Data in this exercise
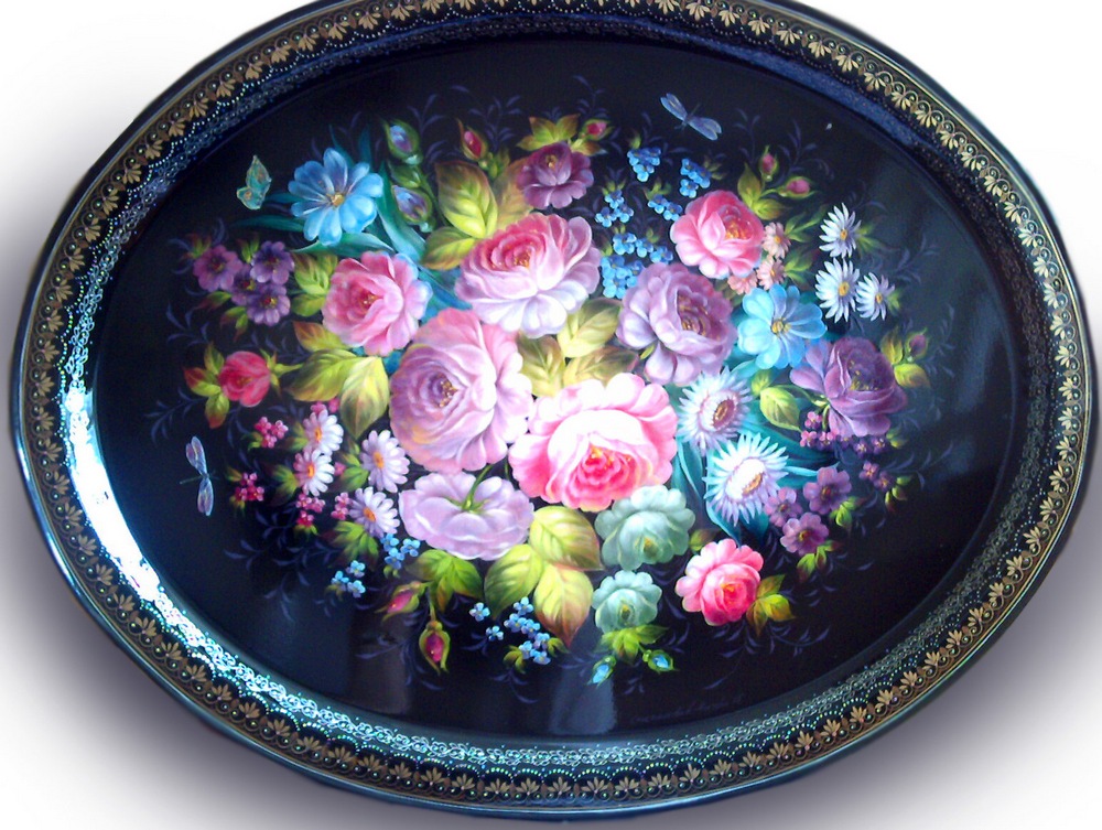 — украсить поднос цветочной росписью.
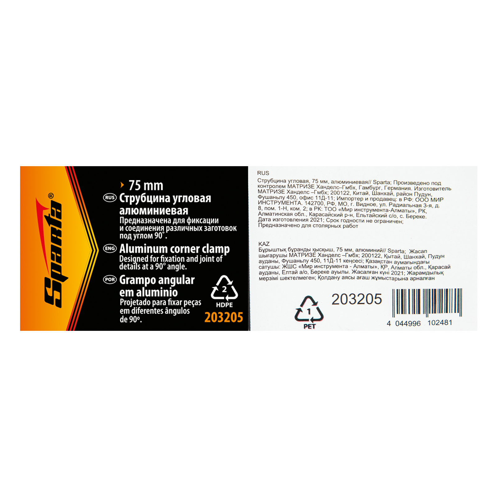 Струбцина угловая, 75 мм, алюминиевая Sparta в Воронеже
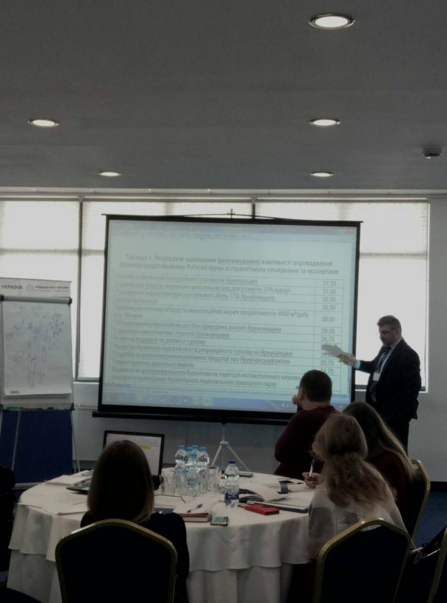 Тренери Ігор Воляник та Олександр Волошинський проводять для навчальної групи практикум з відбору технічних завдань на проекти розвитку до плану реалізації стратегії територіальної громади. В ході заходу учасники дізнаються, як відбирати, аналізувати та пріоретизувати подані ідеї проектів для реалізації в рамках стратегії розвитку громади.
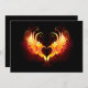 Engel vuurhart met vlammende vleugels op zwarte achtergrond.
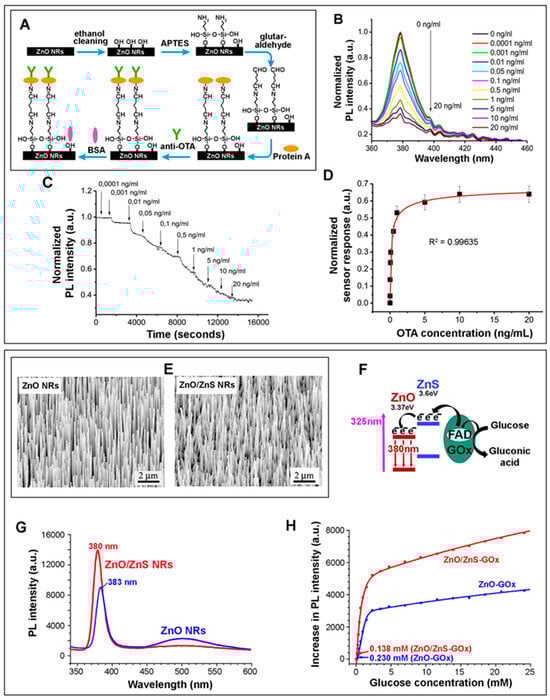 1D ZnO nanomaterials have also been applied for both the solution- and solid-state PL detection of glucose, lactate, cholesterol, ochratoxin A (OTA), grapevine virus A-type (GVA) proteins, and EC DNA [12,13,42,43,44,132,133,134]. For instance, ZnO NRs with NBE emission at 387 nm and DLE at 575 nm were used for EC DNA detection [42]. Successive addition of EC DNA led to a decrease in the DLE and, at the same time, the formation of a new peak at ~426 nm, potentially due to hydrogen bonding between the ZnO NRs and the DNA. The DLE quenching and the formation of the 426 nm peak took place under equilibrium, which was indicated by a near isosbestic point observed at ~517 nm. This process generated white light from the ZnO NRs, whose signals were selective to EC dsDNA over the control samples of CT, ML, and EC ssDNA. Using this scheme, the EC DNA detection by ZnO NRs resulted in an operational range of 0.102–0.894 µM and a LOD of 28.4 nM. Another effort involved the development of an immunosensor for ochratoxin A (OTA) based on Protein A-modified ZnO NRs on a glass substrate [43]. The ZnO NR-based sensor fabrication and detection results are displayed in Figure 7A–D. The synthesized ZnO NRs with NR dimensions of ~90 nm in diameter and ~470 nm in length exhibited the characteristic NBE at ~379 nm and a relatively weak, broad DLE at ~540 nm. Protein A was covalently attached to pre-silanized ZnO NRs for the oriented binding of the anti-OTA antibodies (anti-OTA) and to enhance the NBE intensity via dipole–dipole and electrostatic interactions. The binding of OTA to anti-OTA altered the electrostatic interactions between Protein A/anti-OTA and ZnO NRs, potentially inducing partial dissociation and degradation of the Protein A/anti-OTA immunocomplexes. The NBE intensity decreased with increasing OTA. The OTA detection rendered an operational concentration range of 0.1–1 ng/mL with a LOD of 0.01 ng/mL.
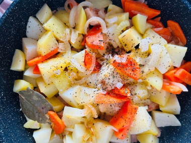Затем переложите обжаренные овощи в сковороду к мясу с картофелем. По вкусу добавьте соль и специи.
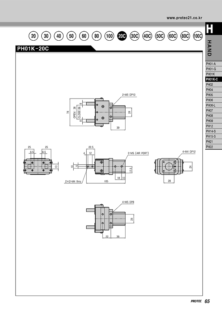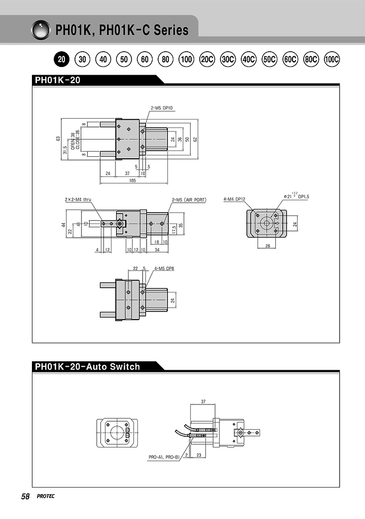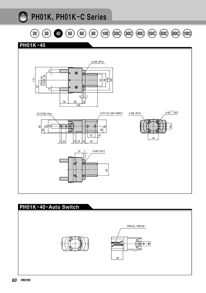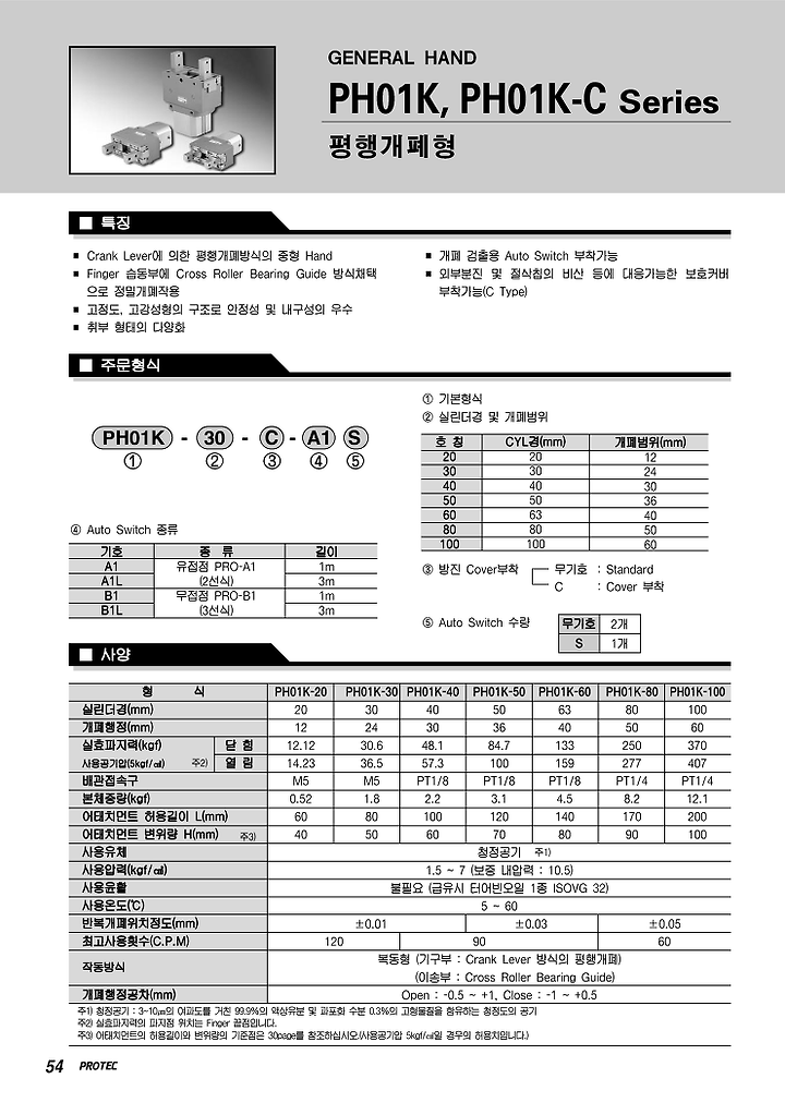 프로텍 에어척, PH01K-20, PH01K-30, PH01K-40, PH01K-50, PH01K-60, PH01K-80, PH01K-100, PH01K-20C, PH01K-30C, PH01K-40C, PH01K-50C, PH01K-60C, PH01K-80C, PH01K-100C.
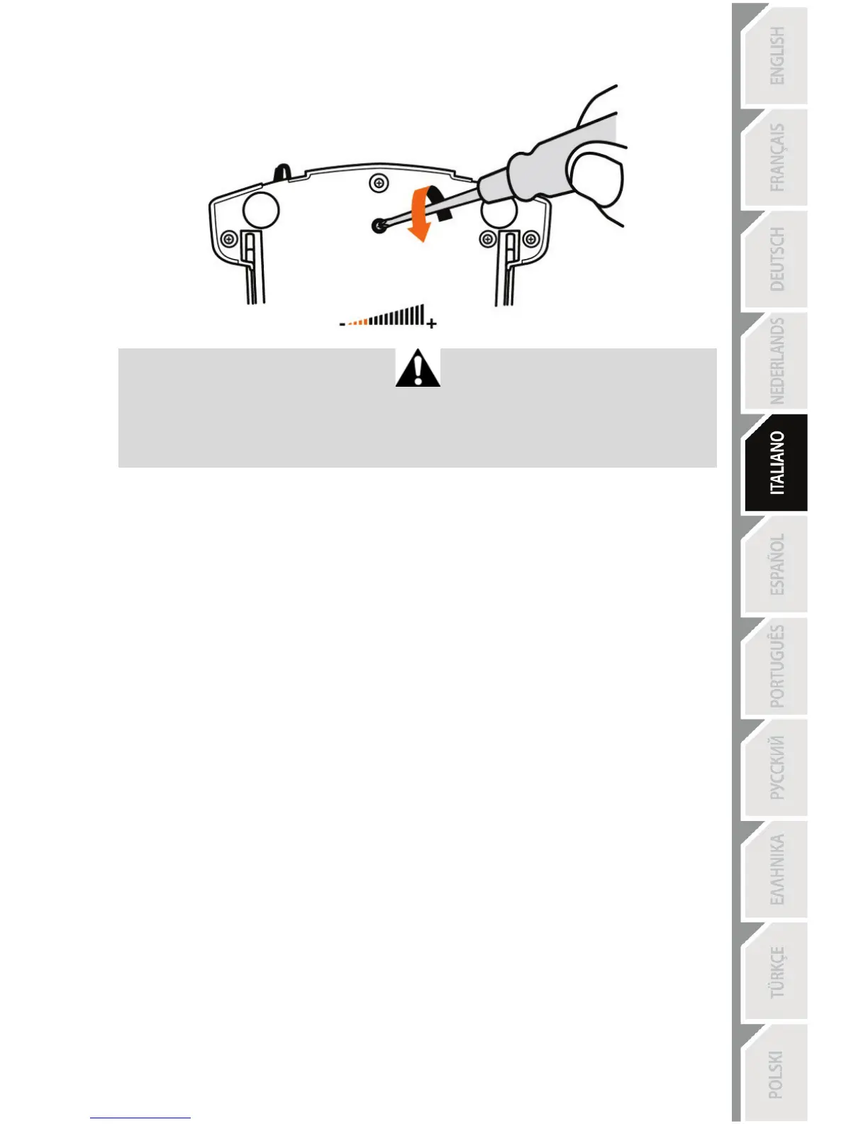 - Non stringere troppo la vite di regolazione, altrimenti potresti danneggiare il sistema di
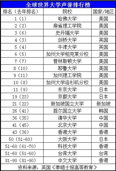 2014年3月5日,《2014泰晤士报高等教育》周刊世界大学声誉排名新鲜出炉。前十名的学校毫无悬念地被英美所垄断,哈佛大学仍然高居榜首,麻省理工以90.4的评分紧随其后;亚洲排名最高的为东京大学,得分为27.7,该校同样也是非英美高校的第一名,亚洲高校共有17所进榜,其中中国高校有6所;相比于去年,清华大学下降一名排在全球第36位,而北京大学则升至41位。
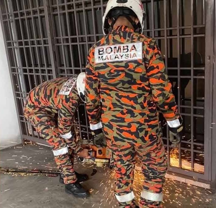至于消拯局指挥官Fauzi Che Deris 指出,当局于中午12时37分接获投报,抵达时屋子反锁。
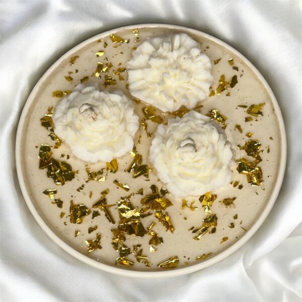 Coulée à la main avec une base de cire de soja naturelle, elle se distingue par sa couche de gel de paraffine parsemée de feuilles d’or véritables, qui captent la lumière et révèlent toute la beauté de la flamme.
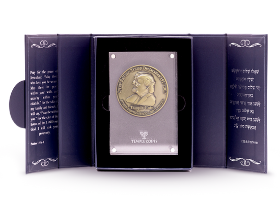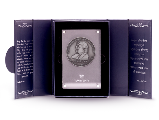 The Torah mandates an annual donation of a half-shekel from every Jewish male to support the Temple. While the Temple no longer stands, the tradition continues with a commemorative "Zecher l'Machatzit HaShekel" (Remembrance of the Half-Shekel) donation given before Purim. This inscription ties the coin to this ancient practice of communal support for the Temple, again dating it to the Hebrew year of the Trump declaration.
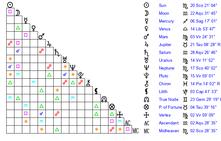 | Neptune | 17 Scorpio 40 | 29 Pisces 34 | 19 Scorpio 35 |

Task instructions
The records above, minus their pictures, are to be returned word for word.

Answer below
 — украсить поднос цветочной росписью.
 Струбцина угловая, 75 мм, алюминиевая Sparta в Воронеже
 Тренери Ігор Воляник та Олександр Волошинський проводять для навчальної групи практикум з відбору технічних завдань на проекти розвитку до плану реалізації стратегії територіальної громади. В ході заходу учасники дізнаються, як відбирати, аналізувати та пріоретизувати подані ідеї проектів для реалізації в рамках стратегії розвитку громади.
 Engel vuurhart met vlammende vleugels op zwarte achtergrond.
 1D ZnO nanomaterials have also been applied for both the solution- and solid-state PL detection of glucose, lactate, cholesterol, ochratoxin A (OTA), grapevine virus A-type (GVA) proteins, and EC DNA [12,13,42,43,44,132,133,134]. For instance, ZnO NRs with NBE emission at 387 nm and DLE at 575 nm were used for EC DNA detection [42]. Successive addition of EC DNA led to a decrease in the DLE and, at the same time, the formation of a new peak at ~426 nm, potentially due to hydrogen bonding between the ZnO NRs and the DNA. The DLE quenching and the formation of the 426 nm peak took place under equilibrium, which was indicated by a near isosbestic point observed at ~517 nm. This process generated white light from the ZnO NRs, whose signals were selective to EC dsDNA over the control samples of CT, ML, and EC ssDNA. Using this scheme, the EC DNA detection by ZnO NRs resulted in an operational range of 0.102–0.894 µM and a LOD of 28.4 nM. Another effort involved the development of an immunosensor for ochratoxin A (OTA) based on Protein A-modified ZnO NRs on a glass substrate [43]. The ZnO NR-based sensor fabrication and detection results are displayed in Figure 7A–D. The synthesized ZnO NRs with NR dimensions of ~90 nm in diameter and ~470 nm in length exhibited the characteristic NBE at ~379 nm and a relatively weak, broad DLE at ~540 nm. Protein A was covalently attached to pre-silanized ZnO NRs for the oriented binding of the anti-OTA antibodies (anti-OTA) and to enhance the NBE intensity via dipole–dipole and electrostatic interactions. The binding of OTA to anti-OTA altered the electrostatic interactions between Protein A/anti-OTA and ZnO NRs, potentially inducing partial dissociation and degradation of the Protein A/anti-OTA immunocomplexes. The NBE intensity decreased with increasing OTA. The OTA detection rendered an operational concentration range of 0.1–1 ng/mL with a LOD of 0.01 ng/mL.
Затем переложите обжаренные овощи в сковороду к мясу с картофелем. По вкусу добавьте соль и специи.
 프로텍 에어척, PH01K-20, PH01K-30, PH01K-40, PH01K-50, PH01K-60, PH01K-80, PH01K-100, PH01K-20C, PH01K-30C, PH01K-40C, PH01K-50C, PH01K-60C, PH01K-80C, PH01K-100C.
 - Non stringere troppo la vite di regolazione, altrimenti potresti danneggiare il sistema di
 2014年3月5日,《2014泰晤士报高等教育》周刊世界大学声誉排名新鲜出炉。前十名的学校毫无悬念地被英美所垄断,哈佛大学仍然高居榜首,麻省理工以90.4的评分紧随其后;亚洲排名最高的为东京大学,得分为27.7,该校同样也是非英美高校的第一名,亚洲高校共有17所进榜,其中中国高校有6所;相比于去年,清华大学下降一名排在全球第36位,而北京大学则升至41位。
至于消拯局指挥官Fauzi Che Deris 指出,当局于中午12时37分接获投报,抵达时屋子反锁。
 Coulée à la main avec une base de cire de soja naturelle, elle se distingue par sa couche de gel de paraffine parsemée de feuilles d’or véritables, qui captent la lumière et révèlent toute la beauté de la flamme.
 The Torah mandates an annual donation of a half-shekel from every Jewish male to support the Temple. While the Temple no longer stands, the tradition continues with a commemorative "Zecher l'Machatzit HaShekel" (Remembrance of the Half-Shekel) donation given before Purim. This inscription ties the coin to this ancient practice of communal support for the Temple, again dating it to the Hebrew year of the Trump declaration.
 | Neptune | 17 Scorpio 40 | 29 Pisces 34 | 19 Scorpio 35 |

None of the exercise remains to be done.